• Source data:

· · · ·

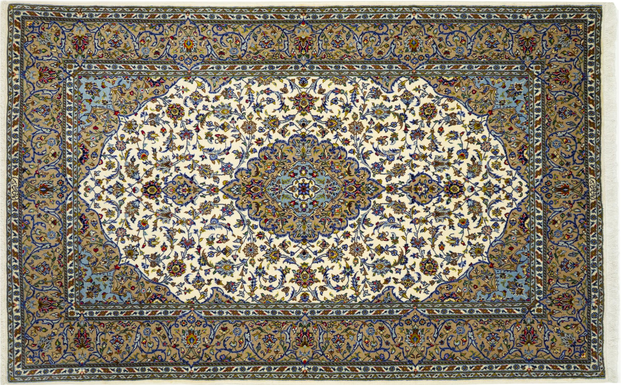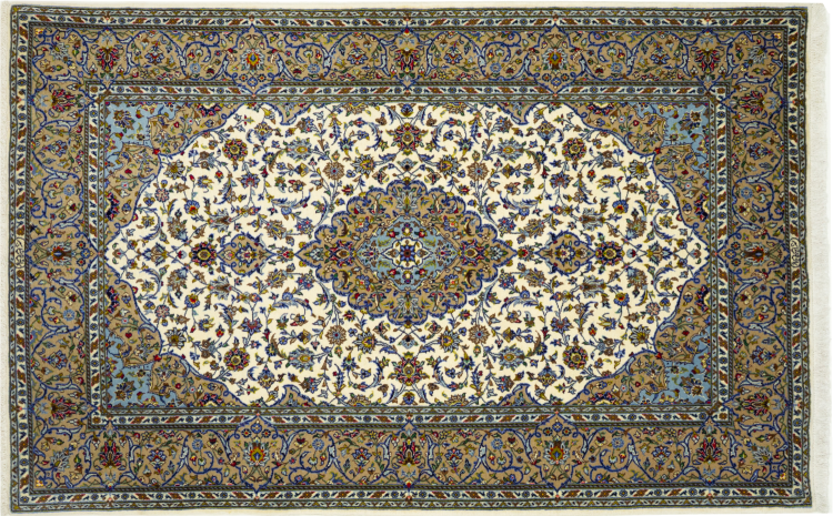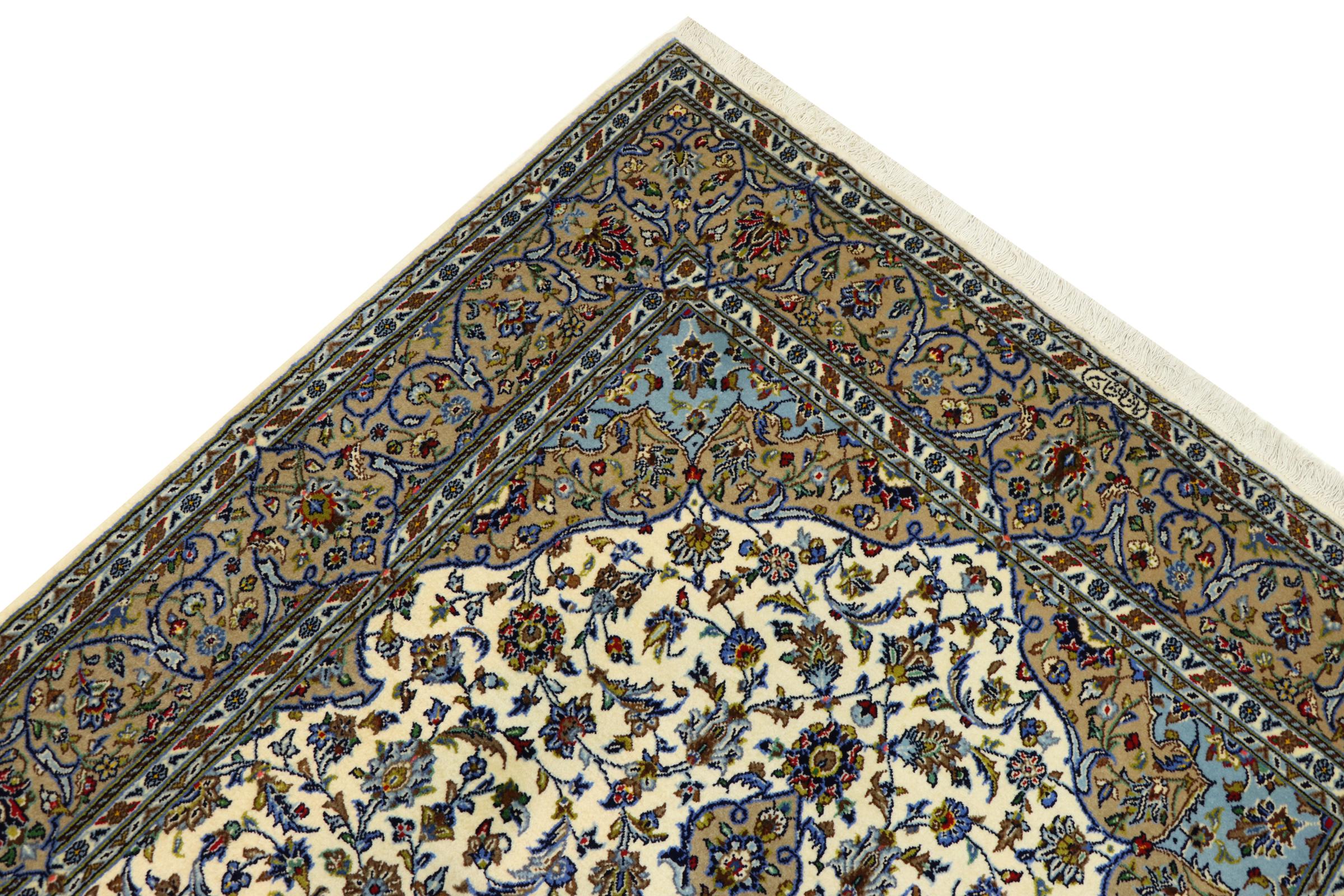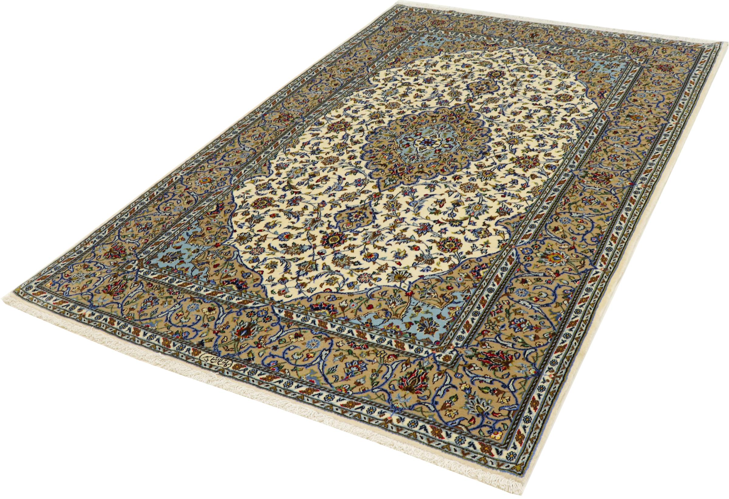 This rug originates from Keshan also called Kashan in Persia. It counts to the most popular Persian rugs. This Keshan comes in a typical design for its type. It has been crafted by hand from fine sheep wool and natural dyes. The ornaments embody a centuries old design pattern, which is still highly popular today.
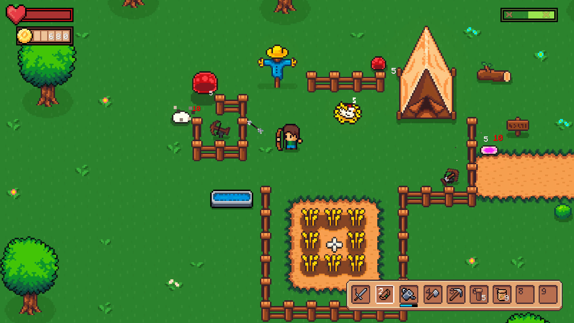 Plant, harvest, and defend your farm! Build turrets, gather resources, and fight off waves of enemies. And most important defend your CHICKEN!
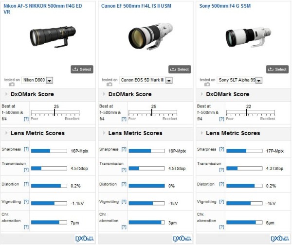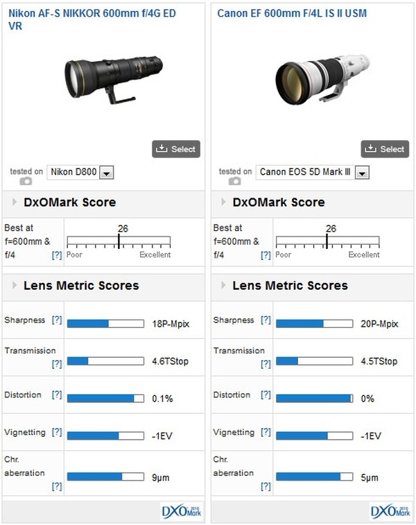 The AF-S NIKKOR 500mm f/4G lens scored 25 while the AF-S Nikkor 600mm f/4G lens scored 26 from DxOMark test results. NIKKOR 500mm f/4G lens currently priced $8,399.00 and the Nikkor 600mm f/4G lens price is $9,799.00.

· · · ·

Working from the material above, transcribe it exactly while omitting pictures.

 This rug originates from Keshan also called Kashan in Persia. It counts to the most popular Persian rugs. This Keshan comes in a typical design for its type. It has been crafted by hand from fine sheep wool and natural dyes. The ornaments embody a centuries old design pattern, which is still highly popular today.
 Plant, harvest, and defend your farm! Build turrets, gather resources, and fight off waves of enemies. And most important defend your CHICKEN!
 The AF-S NIKKOR 500mm f/4G lens scored 25 while the AF-S Nikkor 600mm f/4G lens scored 26 from DxOMark test results. NIKKOR 500mm f/4G lens currently priced $8,399.00 and the Nikkor 600mm f/4G lens price is $9,799.00.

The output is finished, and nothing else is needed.